Through the mist appears a man crouching at the edge of the road under a filthy umbrella, his clothes are stained with asphalt oil. He catches me looking, his eyes as black as tar, then turns his back.

We heave uneasily left and right into the white nothingness until the driver slams the breaks and comes to a full and shocking stop. The bus hisses. The truck blocking our way hisses back. Vehicles creaking on the cliff, there is only room for one to pass the narrow part of the road; a landslide washed away the rest. Diesel against diesel. But our driver has to face the rules, uphill wins these battles and so we back up, inching blindly towards the precipice. No, we don’t die, though it would have been easy.

The truck continues up with a honk of appreciation – all clear – and our driver toots back and pushes onto the road. But just around the bend is another truck, another stand off, only this time we’re in the winning position, uphill wins.
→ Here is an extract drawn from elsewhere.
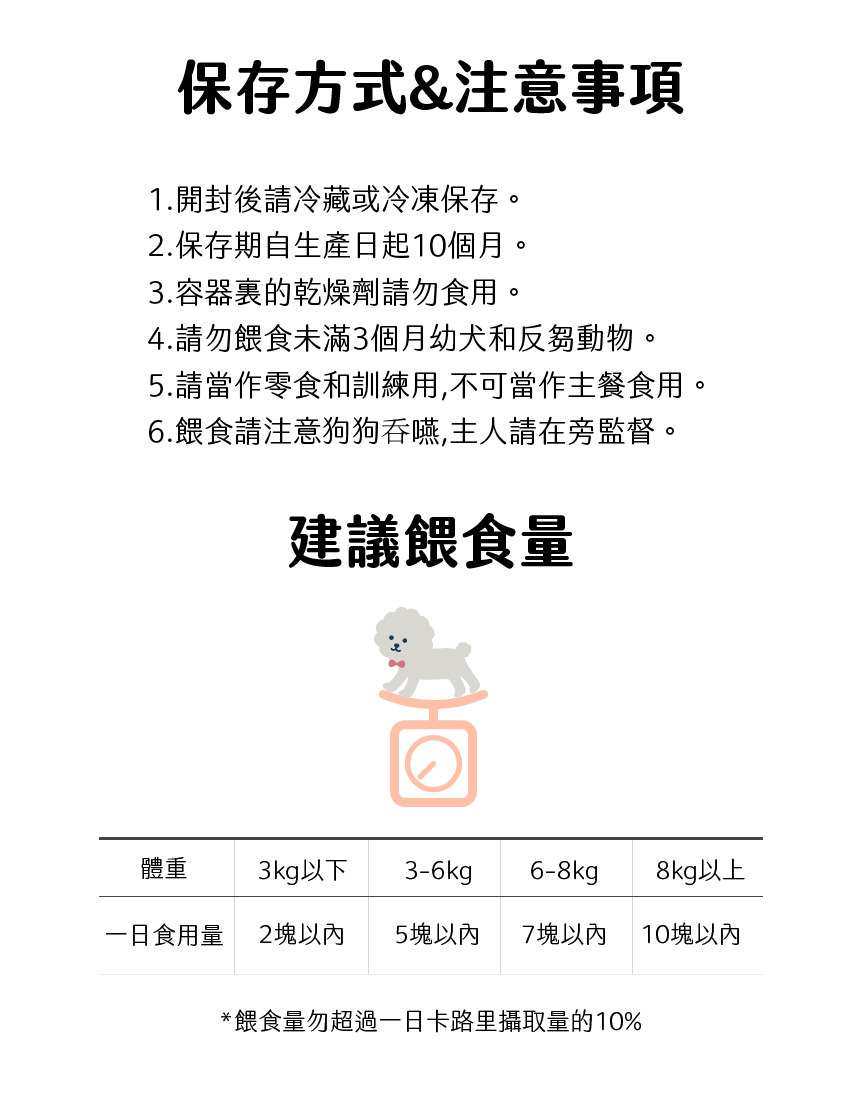 | 注意事項 | 未開封請放置陰涼乾燥處保存,避免陽光直射;開封後請放冷藏保存 請勿餵食3個月以下的狗狗 注意不要誤食包裝內的乾燥劑 |

The opposing truck backs up against the chewed out mountain side and our driver puts the bus into gear, puts weight on the gas pedal, and …does not move. The gear has slipped into neutral, it cannot pull with all the excess weight. We fishtail and then instead of accelerating we continue to slide back.
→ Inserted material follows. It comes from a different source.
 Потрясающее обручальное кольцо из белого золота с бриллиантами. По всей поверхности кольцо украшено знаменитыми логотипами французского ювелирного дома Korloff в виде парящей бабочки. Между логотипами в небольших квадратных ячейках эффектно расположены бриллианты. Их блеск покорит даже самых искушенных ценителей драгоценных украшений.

It is only now that we begin gently into our deadly descent and my feeling transforms into a knowing: We are going to die.
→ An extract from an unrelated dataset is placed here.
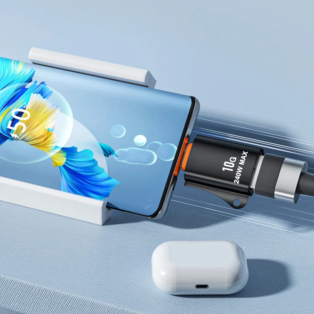 - Kiemelkedő sebesség (10Gbps) és töltési teljesítmény (240W max).

What did Rinpoche tell me when I asked him hypothetically what I should think if and when my bus went off a cliff, because I did ask him once, because I do live in this part of the world where things like this happen and now it’s happening. He said “remember the guru” so that is what I should do now as the trees swipe my window like car wash mops and the baby leaves the arms of his mother beside me. A packet of biscuits floats past my ear. I wonder what the rescue team will think of the brassiere I wore today. This is not what I should be thinking. I should be remembering the guru, remember? He sits on a tiger skin. Gravity is relentless and insane. Am I supposed to remember the guru as he was to me, a friend and a teacher, on the throne, at a coffee shop? Do I remember him as a man or as a thangkha painting? A shoe moves past. A cell phone. A bottle of mineral water. How big should the guru be? Real sized or above my head. Or maybe inside my heart or maybe I should remember that after all I am the guru. The old lady behind me is now upside down, standing on the ceiling of the bus, her face is a mask, she has amazing bone structure but very bad teeth, red stained nubs, I can see them all. Do I remember him as a deity? Or do I remember the words he spoke to me? Is this a trick? Will this be my last thought? …Or will this? …Or will this? Fear of this nature is known to me only in dreams which reminds me that sometimes in dreams I can wake up when I remember it’s a dream. I know this is not a dream but maybe if I remember something else, it will transform into a dream. Remember the guru. Is it as easy as that?

There is blue sky under the tires. The driver’s bowling shirt is caught by the branch of a tree and then he is gone, out the window. There are no birds in the trees. They must have seen us coming and flown away, up, which is now my down as we go down. I wonder if my suitcase is safe. Who will go through all of my stuff? Fear is replaced by sadness. My youngest sister will be so sad, probably the saddest of all my family to get the phone call. What will be the chain of information? Who will find out first? The sadness is replaced by curiosity. The Bhutanese system of scrupulous identity checks does have one benefit. They will know for sure I was on the bus after the check point. They will call the CSO and the CSO will contact the board and the board will contact Rinpoche and he will know how to get to my family through one of my friends, Lynn or Lowell, and either of them would be good people to break the news to my family. To say, less bluntly, she’s dead at the bottom of a jungle in a bus. They’ll call on the phone at whatever ungodly hour GMT minus plus plus minus. Minus me. Minus me. I am no longer. I wish I had practiced more because this is the real thing and I am simply not ready.